Task objective
Beneath this instruction is a block of data; output from it exactly the lines that run from the one containing "Enfin…je vais pouvoir" through the one containing "Before school reading", inclusive.

==== Extracted information ====

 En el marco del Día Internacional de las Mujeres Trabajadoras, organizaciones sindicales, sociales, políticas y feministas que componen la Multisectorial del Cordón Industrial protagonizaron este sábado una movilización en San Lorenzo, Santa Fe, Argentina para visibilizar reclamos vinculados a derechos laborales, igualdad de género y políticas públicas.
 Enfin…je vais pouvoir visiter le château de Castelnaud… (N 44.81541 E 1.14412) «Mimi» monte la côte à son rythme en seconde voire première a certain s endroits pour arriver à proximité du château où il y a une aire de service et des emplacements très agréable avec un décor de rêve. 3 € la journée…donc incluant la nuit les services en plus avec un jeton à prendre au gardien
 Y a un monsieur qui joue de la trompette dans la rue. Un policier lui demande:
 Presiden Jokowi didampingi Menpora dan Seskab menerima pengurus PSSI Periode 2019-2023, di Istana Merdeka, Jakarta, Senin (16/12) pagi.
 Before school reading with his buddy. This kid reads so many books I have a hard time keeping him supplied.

====
==== Extracted information ====

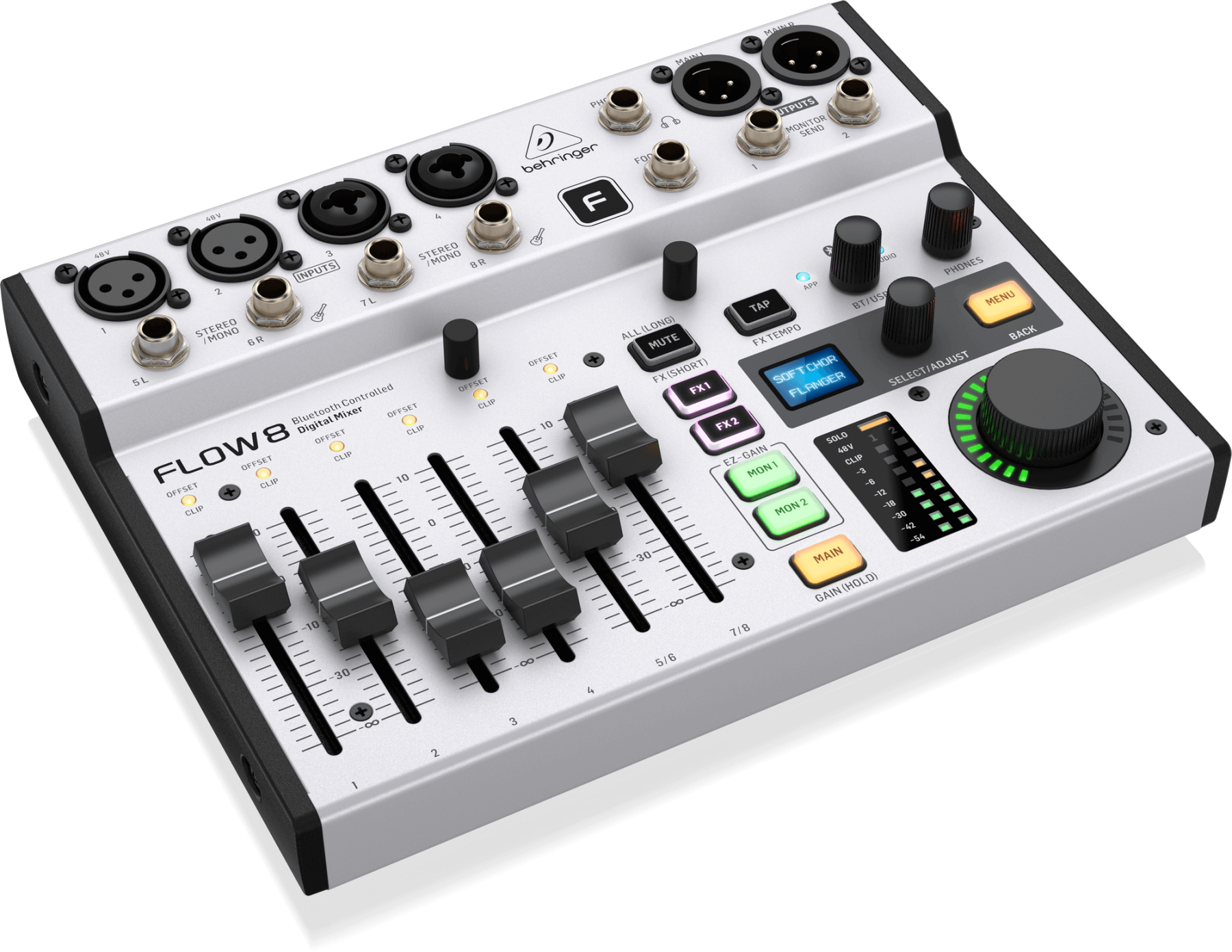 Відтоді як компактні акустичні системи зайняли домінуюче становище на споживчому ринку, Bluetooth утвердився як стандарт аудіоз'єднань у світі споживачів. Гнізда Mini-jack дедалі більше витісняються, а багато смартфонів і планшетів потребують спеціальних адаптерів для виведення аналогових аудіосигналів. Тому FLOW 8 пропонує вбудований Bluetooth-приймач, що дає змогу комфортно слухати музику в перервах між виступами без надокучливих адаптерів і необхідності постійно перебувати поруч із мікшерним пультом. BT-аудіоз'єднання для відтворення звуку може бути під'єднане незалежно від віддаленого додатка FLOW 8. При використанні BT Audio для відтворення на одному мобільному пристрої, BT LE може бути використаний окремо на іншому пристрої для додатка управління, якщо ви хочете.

====
==== Extracted information ====

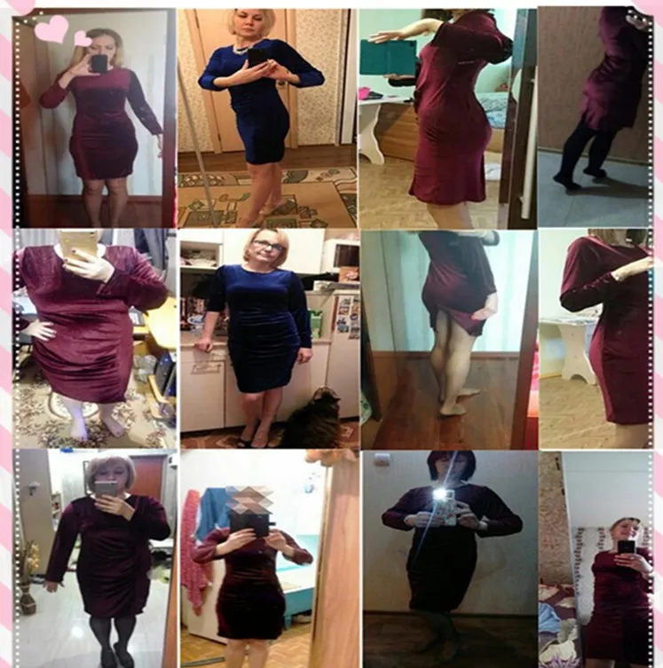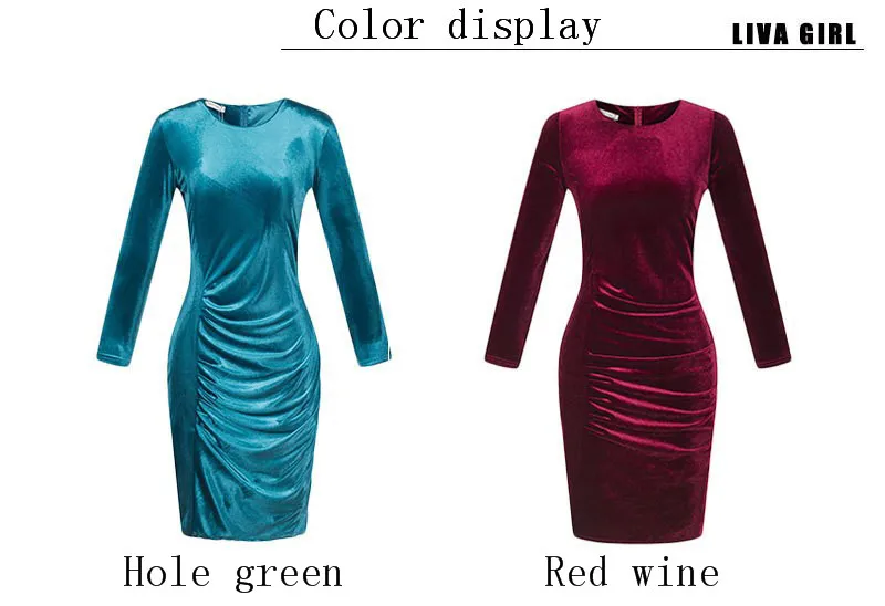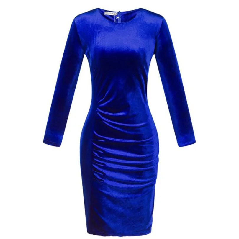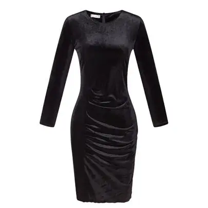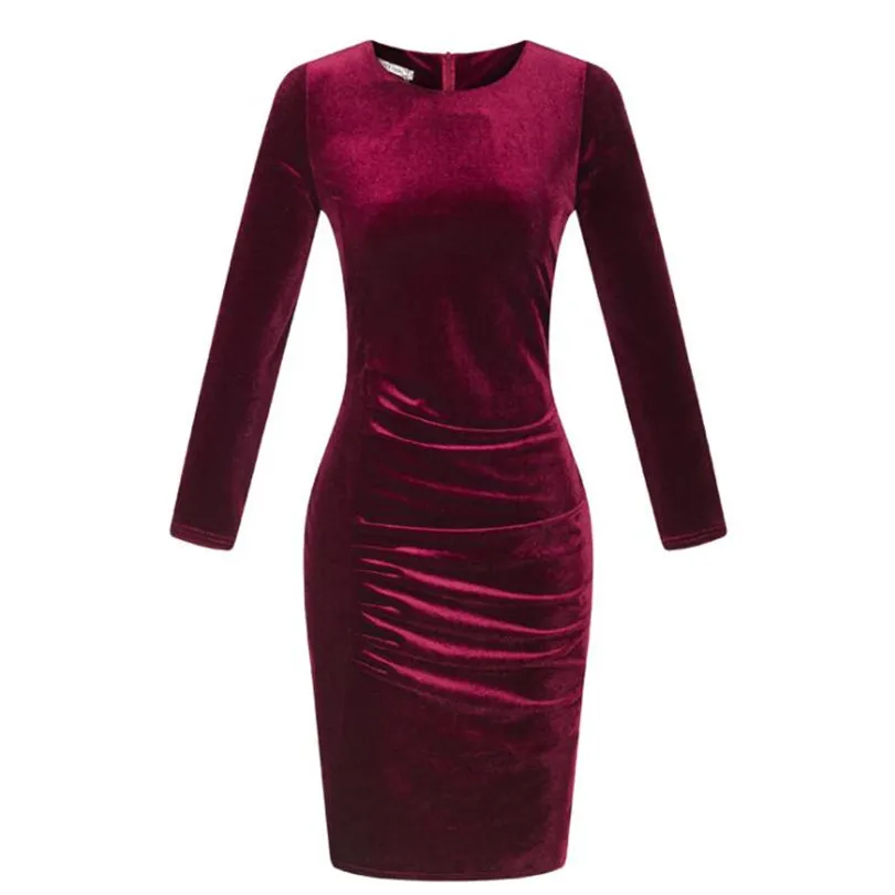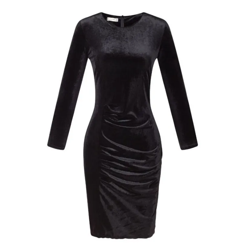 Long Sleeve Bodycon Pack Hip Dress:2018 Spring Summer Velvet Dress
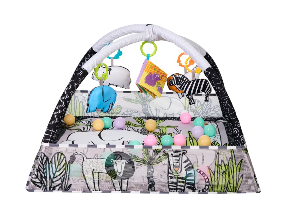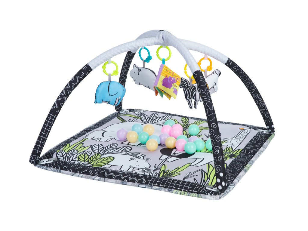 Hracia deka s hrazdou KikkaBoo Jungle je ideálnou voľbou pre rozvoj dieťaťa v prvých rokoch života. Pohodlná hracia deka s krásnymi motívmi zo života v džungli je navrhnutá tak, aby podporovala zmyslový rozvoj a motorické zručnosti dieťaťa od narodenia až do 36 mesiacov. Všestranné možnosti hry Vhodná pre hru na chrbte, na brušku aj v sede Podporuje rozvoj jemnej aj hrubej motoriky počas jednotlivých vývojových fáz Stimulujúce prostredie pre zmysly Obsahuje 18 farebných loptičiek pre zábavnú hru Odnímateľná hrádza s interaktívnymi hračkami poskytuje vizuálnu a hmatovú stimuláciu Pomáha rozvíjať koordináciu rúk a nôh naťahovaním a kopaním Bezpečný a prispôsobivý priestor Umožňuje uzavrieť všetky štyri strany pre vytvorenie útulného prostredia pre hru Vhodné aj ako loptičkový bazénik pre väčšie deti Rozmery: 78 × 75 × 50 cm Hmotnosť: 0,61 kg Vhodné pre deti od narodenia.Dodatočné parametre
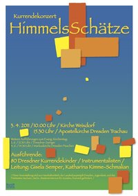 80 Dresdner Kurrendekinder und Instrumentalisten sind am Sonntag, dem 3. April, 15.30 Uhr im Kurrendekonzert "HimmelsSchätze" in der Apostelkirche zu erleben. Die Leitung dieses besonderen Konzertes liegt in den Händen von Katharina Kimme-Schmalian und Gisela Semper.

====

Solution to this task
 Enfin…je vais pouvoir visiter le château de Castelnaud… (N 44.81541 E 1.14412) «Mimi» monte la côte à son rythme en seconde voire première a certain s endroits pour arriver à proximité du château où il y a une aire de service et des emplacements très agréable avec un décor de rêve. 3 € la journée…donc incluant la nuit les services en plus avec un jeton à prendre au gardien
 Y a un monsieur qui joue de la trompette dans la rue. Un policier lui demande:
 Presiden Jokowi didampingi Menpora dan Seskab menerima pengurus PSSI Periode 2019-2023, di Istana Merdeka, Jakarta, Senin (16/12) pagi.
 Before school reading with his buddy. This kid reads so many books I have a hard time keeping him supplied.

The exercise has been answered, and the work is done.